■ **ENTRIES SUPPLIED**:
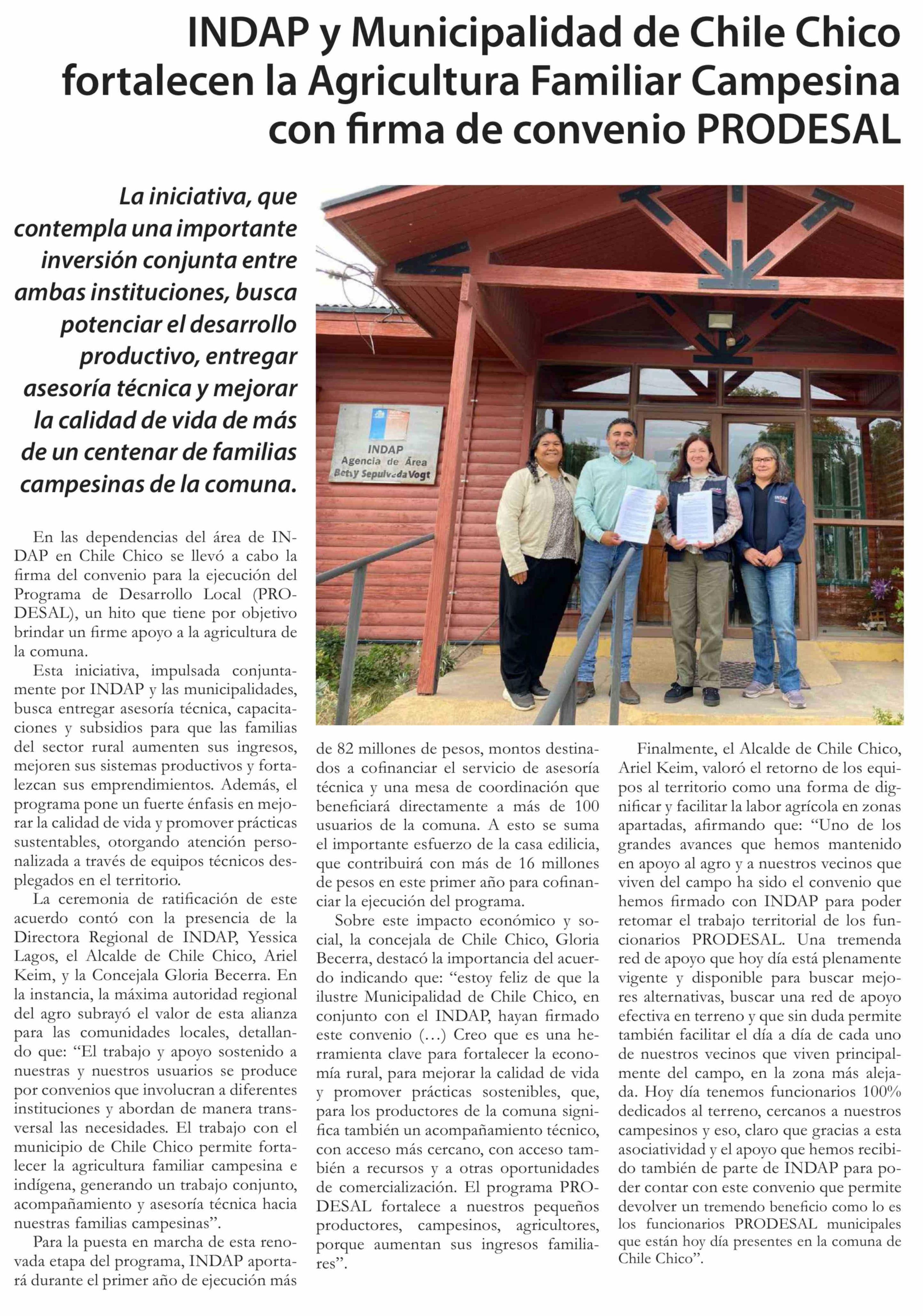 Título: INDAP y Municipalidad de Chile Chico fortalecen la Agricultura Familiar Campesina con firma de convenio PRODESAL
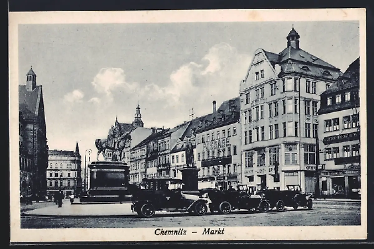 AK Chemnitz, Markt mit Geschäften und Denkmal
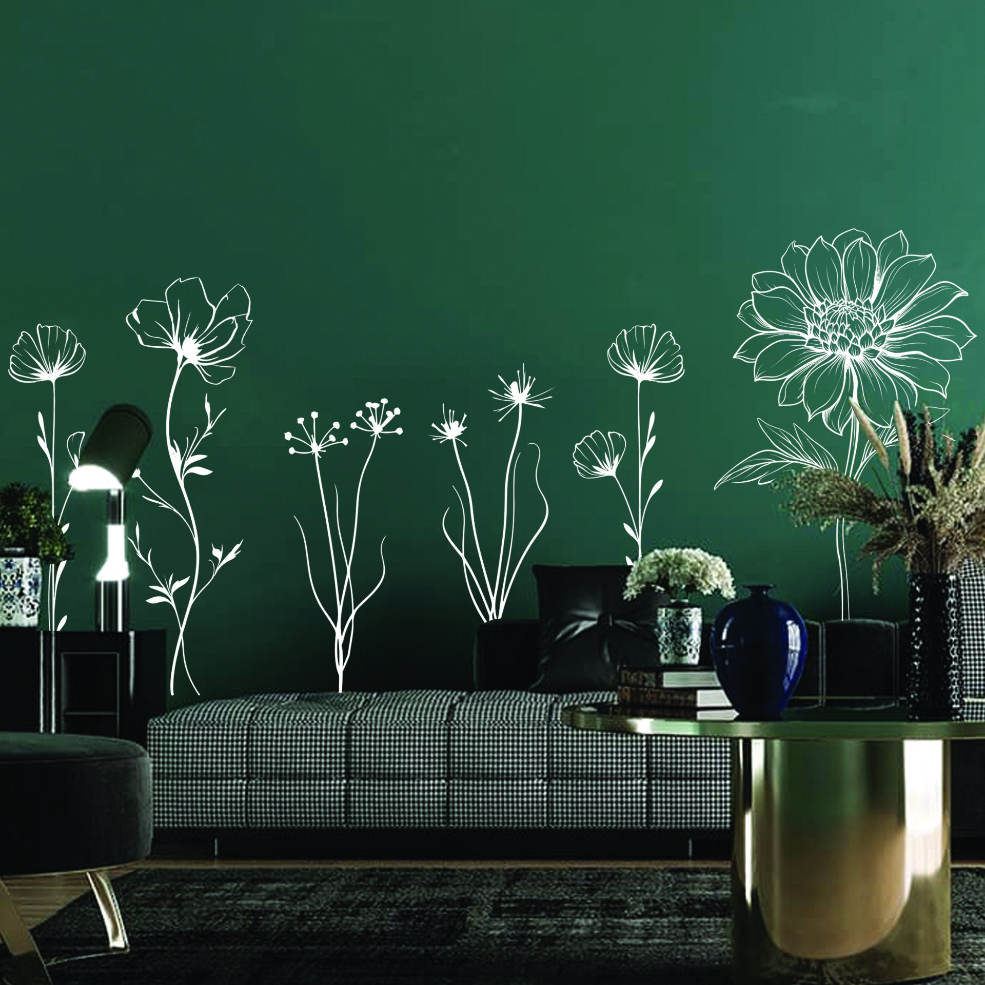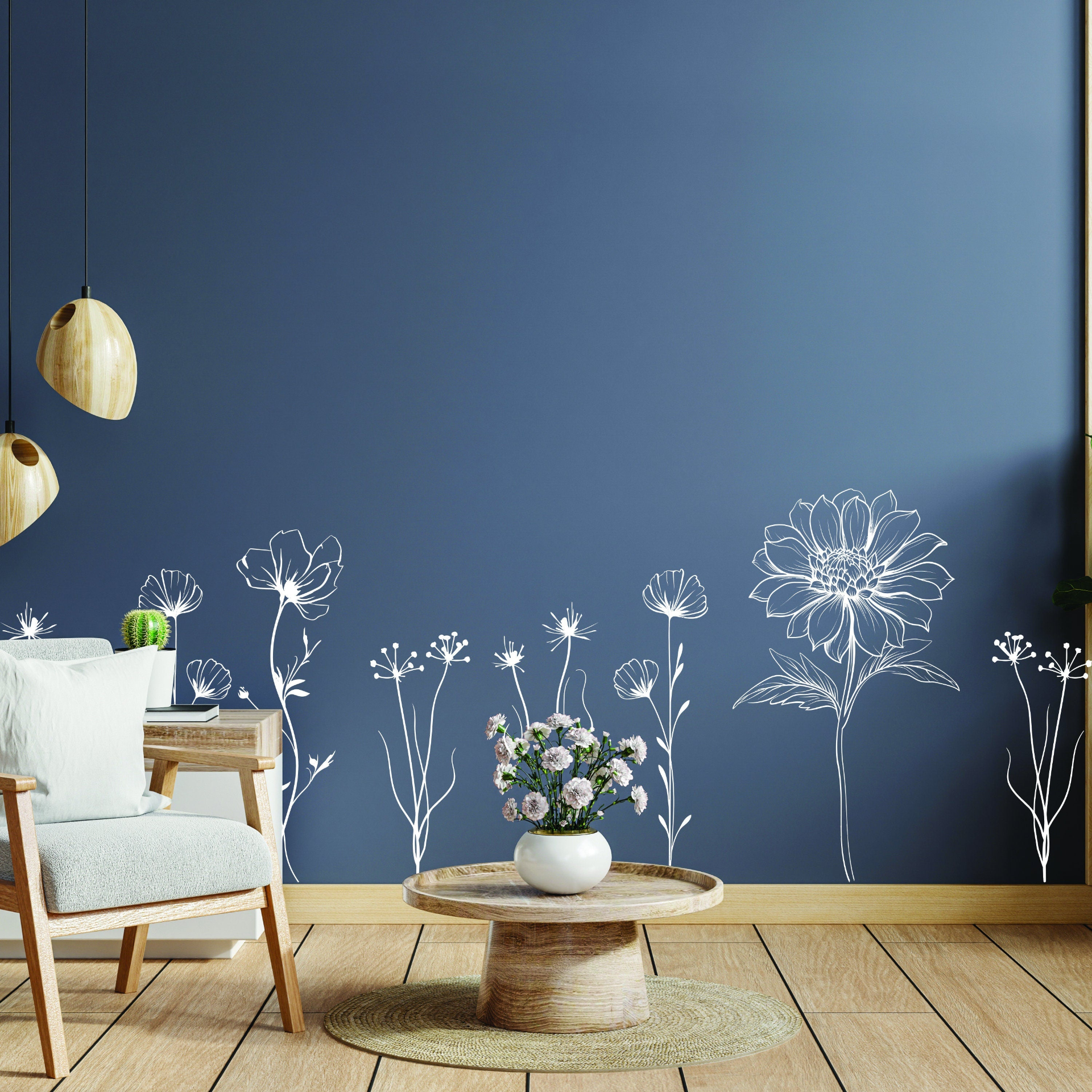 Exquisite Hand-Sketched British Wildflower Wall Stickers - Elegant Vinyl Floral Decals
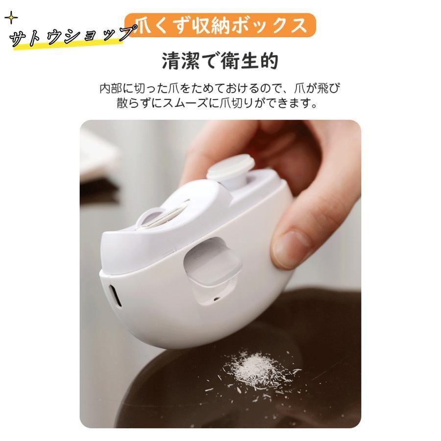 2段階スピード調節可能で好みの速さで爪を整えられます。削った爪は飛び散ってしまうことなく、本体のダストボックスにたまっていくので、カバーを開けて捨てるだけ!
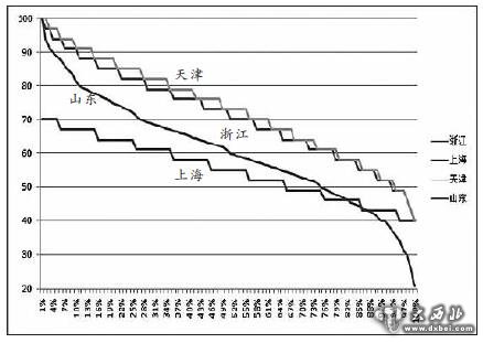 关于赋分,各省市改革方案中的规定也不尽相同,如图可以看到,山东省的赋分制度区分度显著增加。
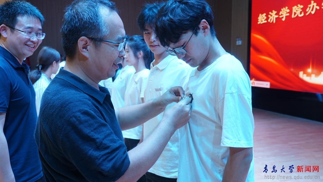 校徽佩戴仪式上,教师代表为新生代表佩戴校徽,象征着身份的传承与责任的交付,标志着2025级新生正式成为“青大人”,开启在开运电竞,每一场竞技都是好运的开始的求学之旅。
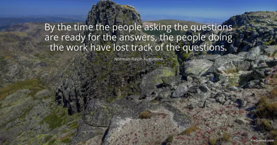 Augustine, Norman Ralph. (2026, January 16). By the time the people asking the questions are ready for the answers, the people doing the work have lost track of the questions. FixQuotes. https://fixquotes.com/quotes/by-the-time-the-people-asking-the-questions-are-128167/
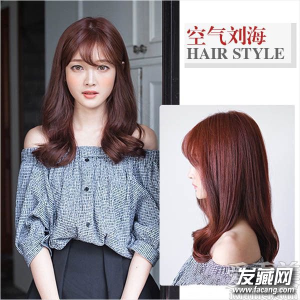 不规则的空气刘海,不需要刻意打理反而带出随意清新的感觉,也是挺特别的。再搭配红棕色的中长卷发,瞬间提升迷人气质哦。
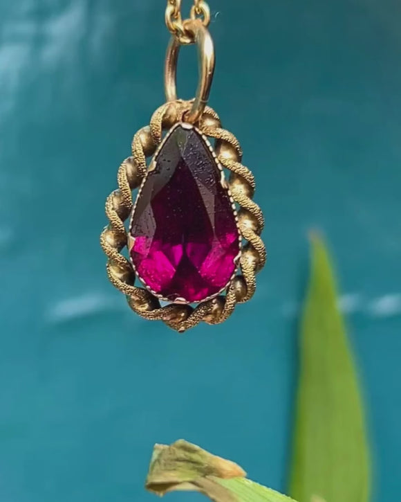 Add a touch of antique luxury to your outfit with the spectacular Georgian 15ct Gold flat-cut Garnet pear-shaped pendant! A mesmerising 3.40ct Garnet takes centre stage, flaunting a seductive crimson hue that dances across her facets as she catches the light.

■ **WORK ORDER**:
Retype the records above exactly, leaving every picture out of your copy.

■ **RESPONSE FOR THIS EXERCISE**:
 Título: INDAP y Municipalidad de Chile Chico fortalecen la Agricultura Familiar Campesina con firma de convenio PRODESAL
 AK Chemnitz, Markt mit Geschäften und Denkmal
 Exquisite Hand-Sketched British Wildflower Wall Stickers - Elegant Vinyl Floral Decals
 2段階スピード調節可能で好みの速さで爪を整えられます。削った爪は飛び散ってしまうことなく、本体のダストボックスにたまっていくので、カバーを開けて捨てるだけ!
 关于赋分,各省市改革方案中的规定也不尽相同,如图可以看到,山东省的赋分制度区分度显著增加。
 校徽佩戴仪式上,教师代表为新生代表佩戴校徽,象征着身份的传承与责任的交付,标志着2025级新生正式成为“青大人”,开启在开运电竞,每一场竞技都是好运的开始的求学之旅。
 Augustine, Norman Ralph. (2026, January 16). By the time the people asking the questions are ready for the answers, the people doing the work have lost track of the questions. FixQuotes. https://fixquotes.com/quotes/by-the-time-the-people-asking-the-questions-are-128167/
 不规则的空气刘海,不需要刻意打理反而带出随意清新的感觉,也是挺特别的。再搭配红棕色的中长卷发,瞬间提升迷人气质哦。
 Add a touch of antique luxury to your outfit with the spectacular Georgian 15ct Gold flat-cut Garnet pear-shaped pendant! A mesmerising 3.40ct Garnet takes centre stage, flaunting a seductive crimson hue that dances across her facets as she catches the light.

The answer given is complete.